Start a conversation in your Project and type:
"Write the executive summary for this week's inventory report. Key findings: forward cover across the portfolio is 28 days vs. 32-day target. Five SKUs are below 10-day forward cover — all in the seasonal outdoor category. Reorders are placed. Two top-10 SKUs are overstocked at 60+ days due to a demand miss on last month's promotion."
What you should see: A professional, concise report summary that uses your target language (forward cover, OTIF) and frames the situation with the appropriate risk tone — without you explaining what forward cover means or what your targets are.
Weekly inventory narrative: "Write the weekly inventory status summary. Key findings: [bullets]."
S&OP talking points: "Write S&OP talking points for [date] meeting.
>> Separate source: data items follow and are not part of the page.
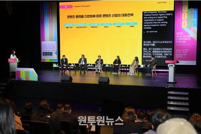넷플릭스, 라프텔, 뉴아이디 등 글로벌 플랫폼 리더 및 투자사 관계자 500여 명이 참석해 제주 고유 문화자산의 세계화 방안을 집중 논의했다.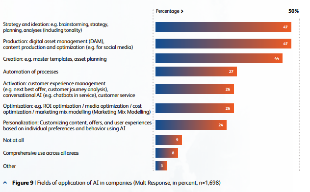 A utilização da IA distribui-se de forma equilibrada entre estratégia e ideação (47%), produção de conteúdos e assets (47%) e criação/planeamento de templates (44%). Aplicações em ativação e otimização situam-se nos 26%, enquanto a personalização atinge 24%.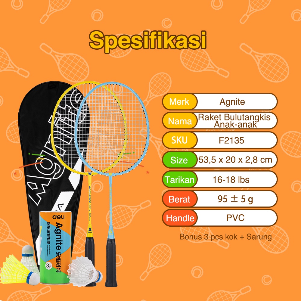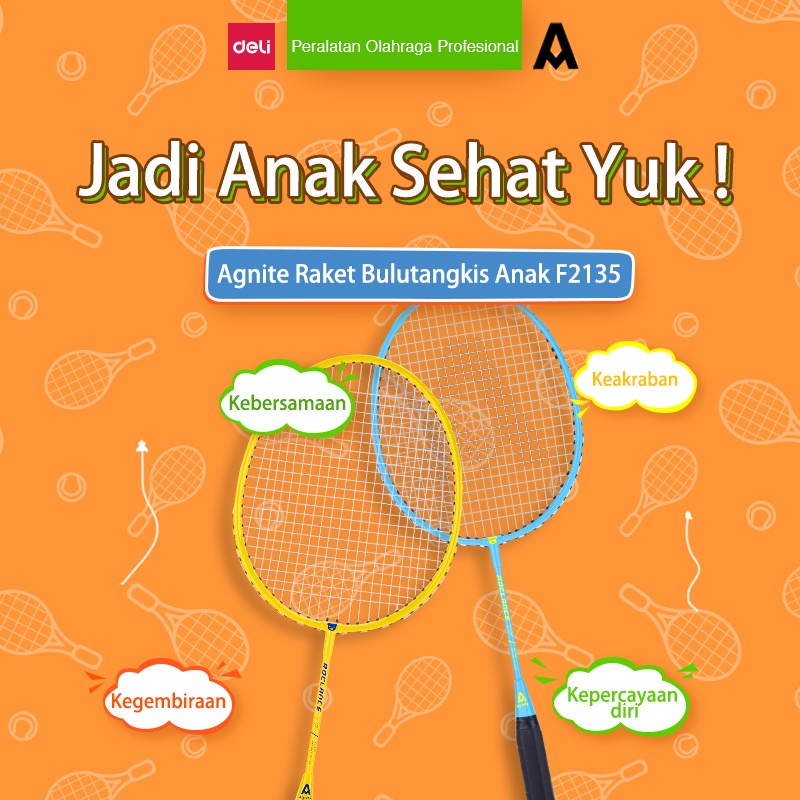 Agnite Children Badminton Racket/Raket Badminton Bulu Tangkis Anak Alat Olahraga High Quality F2135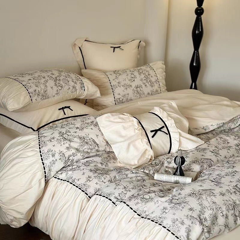 French Vintage Style Autumn And Winter Thickening Brushed Warm Four-piece Lace Set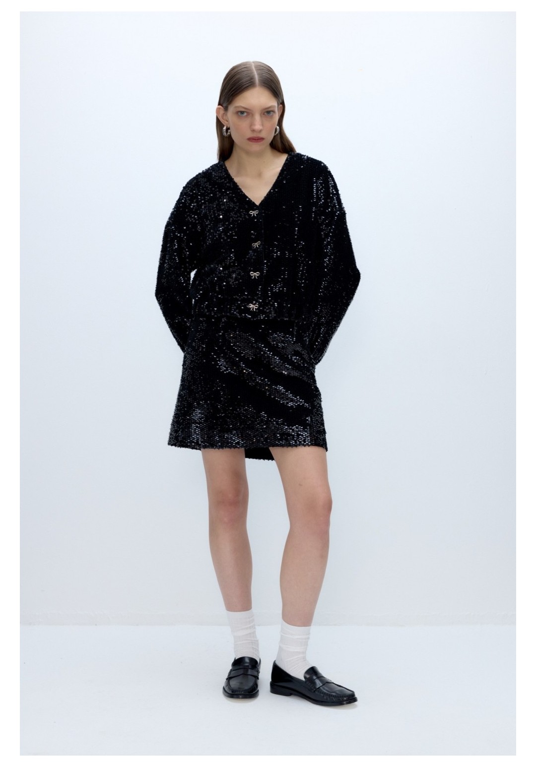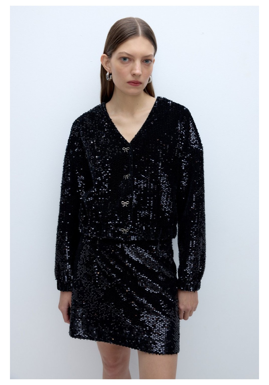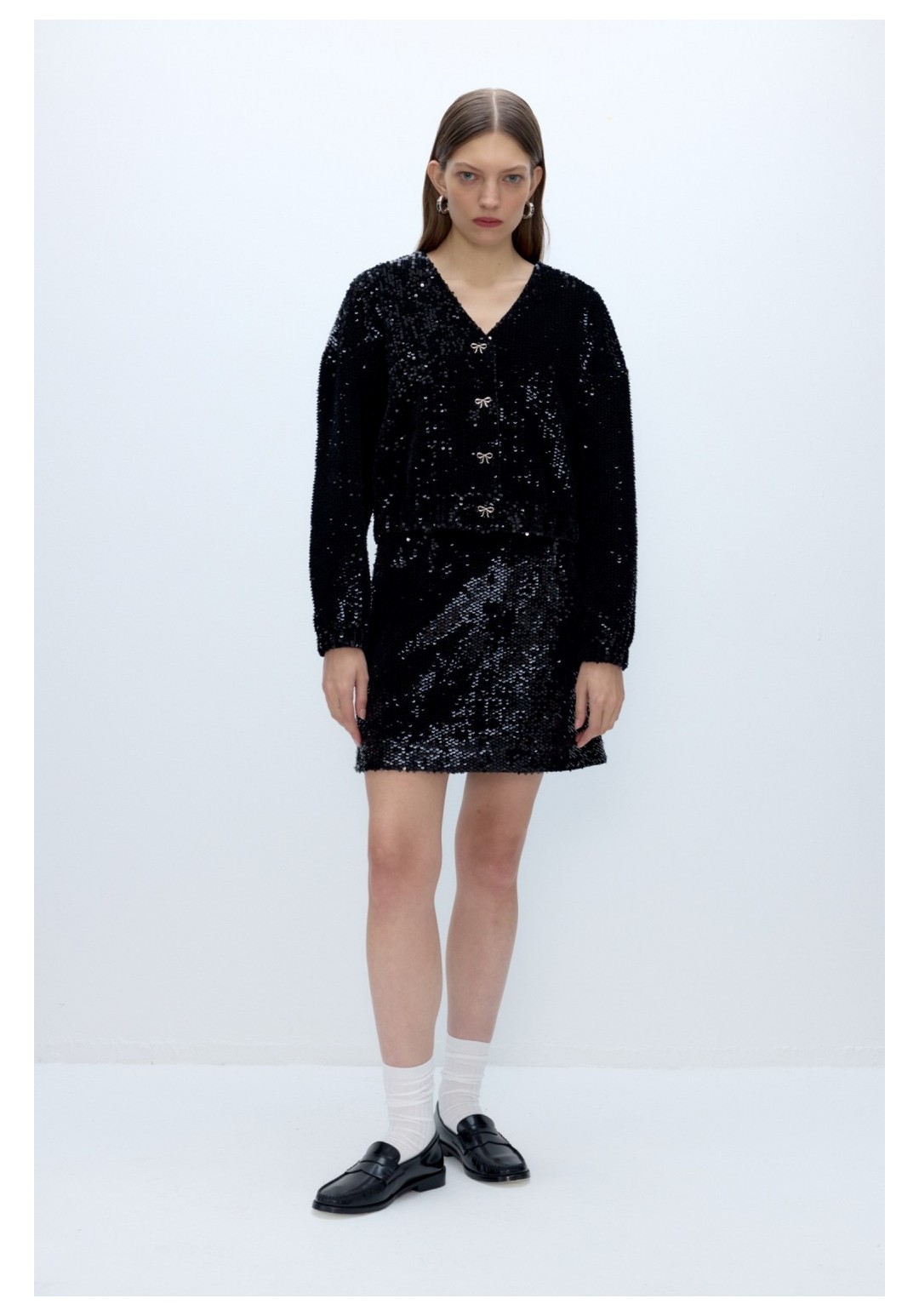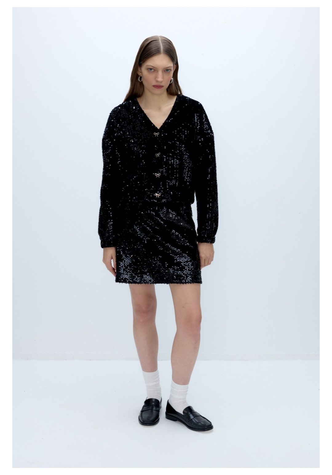 Костюм-двойка из укороченного бомбера и мини-юбки из велюровой ткани в пайетки. Детали: спущенная линия плеча, V-образный вырез горловины переда, застежка на пришивные кнопки и декор в виде бантиков, рукава и низ бомбера на резинке, подкладка. Юбка трапециевидного силуэта, талиевые вытачки, потайная застежка, юбка на подкладке. Длина бомбера по спинке около 48,5 см в размерах 40-46 и около 51,5 см в размерах 48-52. Длина рукава со спущенным плечом около 47+13 см. Длина юбки по боковому шву около 43,5 см в размерах 40-46 и около 46,5 см в размерах 48-52.

Demand: [change]. Supply: [constraints]. Inventory: [vs target]. Decisions needed: [list]."
Supplier escalation: "Write a supplier escalation email to [supplier] about [issue]. Business impact: [X]. Action needed by: [date]."
RCA document: "Write a stockout RCA for [SKU/category]. What happened: [description]. Root causes: [list]. Corrective actions: [list]."
Stakeholder translation: "Translate this finding for my [audience]: [technical finding in SC terms]. Plain business language, no jargon."